Everil studied the man before him. Robin looked so very like Bo. And Bo loved his brother; Everil knew that. Fiercely, desperately, loved him. And, in the way one does with those best loved, he’d made him the vault of all his fears and misplaced guilt.
Ah. Bo was right. Declan really was an asshole.
“This isn’t about sacrifice,” Everil said as the trees ceased their clutching, and the gravel fell from his feet. “I don’t intend to trade my eternity for Bo’s sake but for my own. He isn’t who I should want. And I’ll be thought a fool for my decision. But he’s allowed me more happiness in three days than I’ve known in my three centuries. So yes, I’ll give up eternity for more of him. Gladly.”
It became true with the saying of it. An angle of view so much clearer than the muddle he’d been squinting through.

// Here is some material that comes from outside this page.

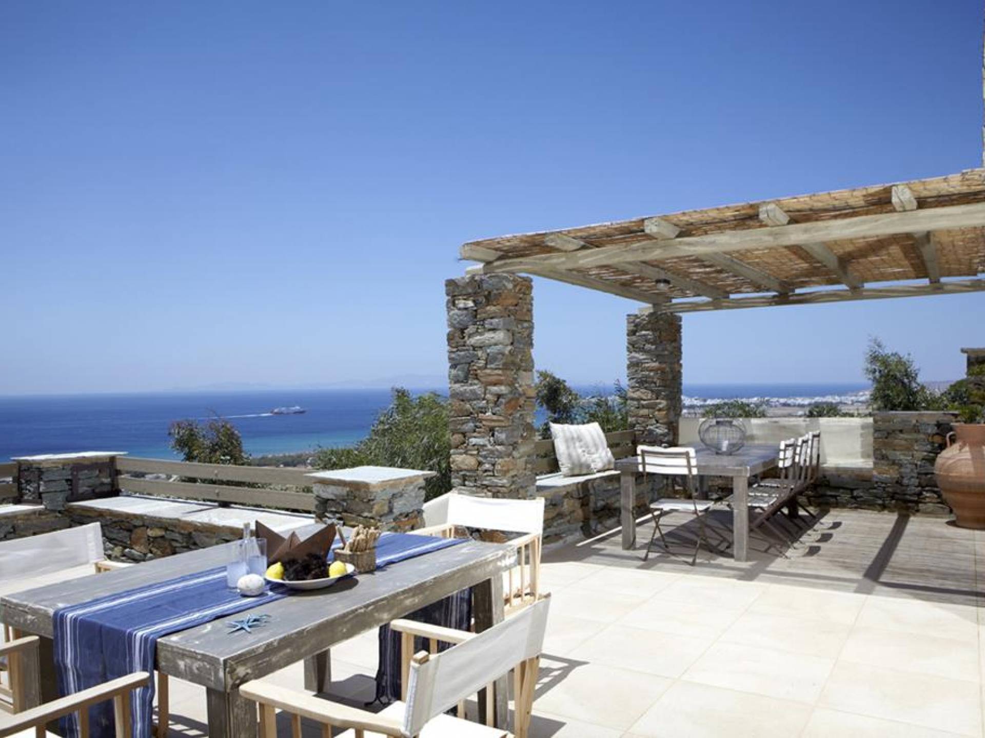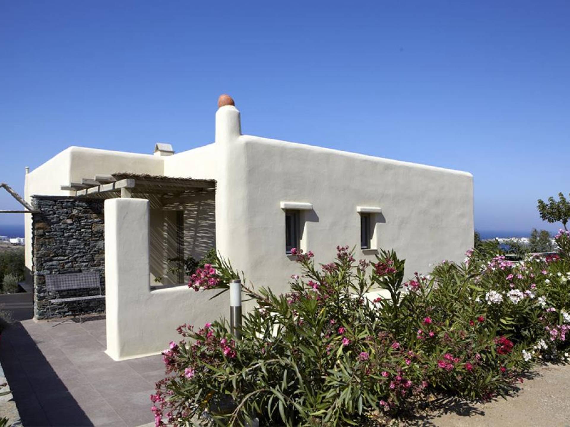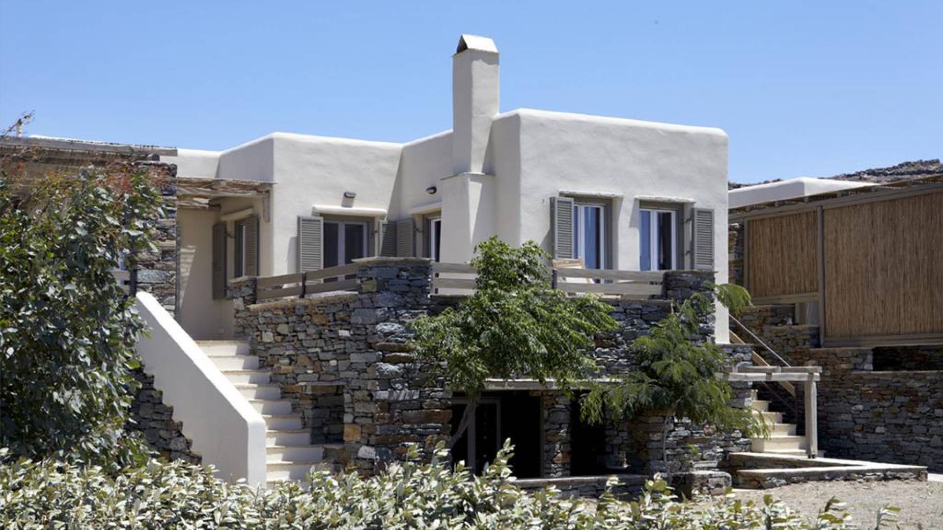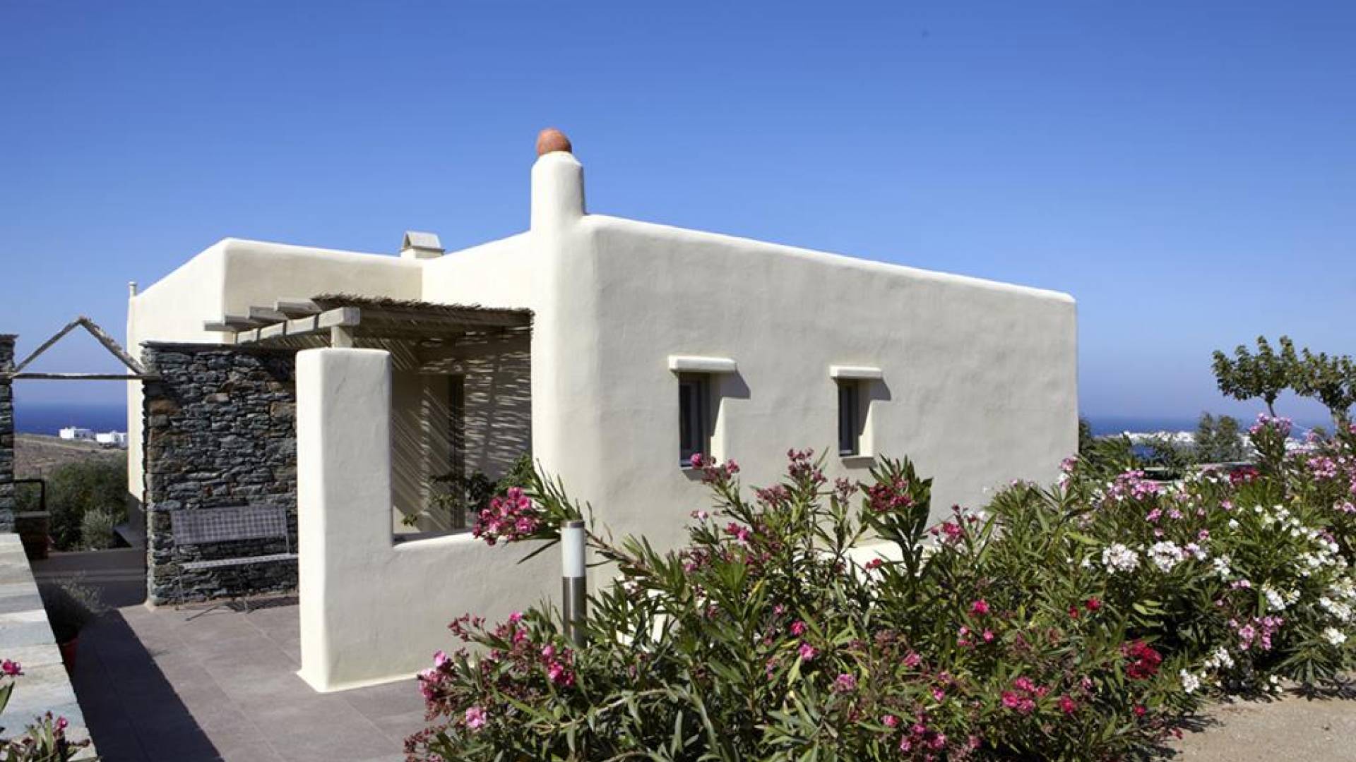 Η Grande Villa στο Diles & Rinies Villas, είναι 180 m2 και διαθέτει ιδιωτικό κήπο, 4 υπνοδωμάτια, 3 μπάνια και 1 WC. Αυτή η πολυτελής ενοικίαση μπορεί να φιλοξενήσει 10-11 άτομα και είναι ιδανική για οικογένειες, φίλους ή ζευγάρια. Με εκπληκτική θέα στο Αιγαίο και στα κοντινά νησιά της Μυκόνου, της Δήλου (ένας από τους σημαντικότερους αρχαιολογικούς χώρους της Ελλάδας), της Ρήνιας και της Σύρου.

“See, that’s sweet,” the figment said. “You should tell Bo that if he makes it through his own little wander. Oh, and tell him ‘you’re welcome’ for sending him to the swamp.”
His grin was sharp to Bo’s crooked. White teeth and dark blue eyes that faded to the fall of leaves. Gravel turned to rich, dark dirt, with flowers pushing up in haphazard abundance. The path was gone and Robin with it .
Declan stood in this new clearing, leaning against yet another tree, his flower crown still in place. He met Everil’s gaze, eyebrows arched and put a finger to his lips. “Wait,” he mouthed. “Don’t move.”